On Thu, Jun 2, 2016 at 8:21 AM, Salman Khan <
sakha...@gmail.com> wrote:
> URLs gets encoded when passed through OWASP HTML Sanitizer. A sample policy
> (Ebay policy) was used.
> Input String <a href="mailto:
x...@company.com" > Email </a> results in <a
> href="mailto:
xxx@
company.com"> Email </a>
How is this causing problems? This seems like a reasonable output for
that input.
> In case there is space infront between quotes of href it is not accepted.
> For eg
> Input String <a href = "
http://www.google.com "> GOOGLE </a> reuts in <a>
> GOOGLE </a>
This looks like a bug.
https://www.w3.org/TR/html5/links.html#attr-hyperlink-href says
"""The href attribute on a and area elements must have a value that is
a valid URL potentially surrounded by spaces."""
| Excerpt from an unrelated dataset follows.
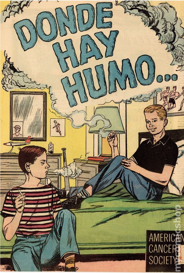 Spanish Edition: Where There's Smoke... (1965) is an informational comic distributed by the American Cancer Society. A typical American family learns why smoking is bad for anyone, regradless of their age. The back cover features illustrations of Bobby Richardson (NY Yankees), Bill Russell, Bob Mathias, Murray Rose, and Bart Starr (Green Bay Packers) proclaiming they are smoke-free. 16 pages, full color, 6.75-in. x 10-in., all newsprint, no cover price.

https://www.w3.org/TR/html5/infrastructure.html#strip-leading-and-trailing-whitespace
explains what space means
"""When a user agent is to strip leading and trailing whitespace from
a string, the user agent must remove all space characters that are at
the start or end of the string."""
and
https://www.w3.org/TR/html5/infrastructure.html#space-character says
"""The space characters, for the purposes of this specification, are
U+0020 SPACE, "tab" (U+0009), "LF" (U+000A), "FF" (U+000C), and "CR"
(U+000D)."""
so I can try to get the URL sanitizing code to strip leading and
trailing space first.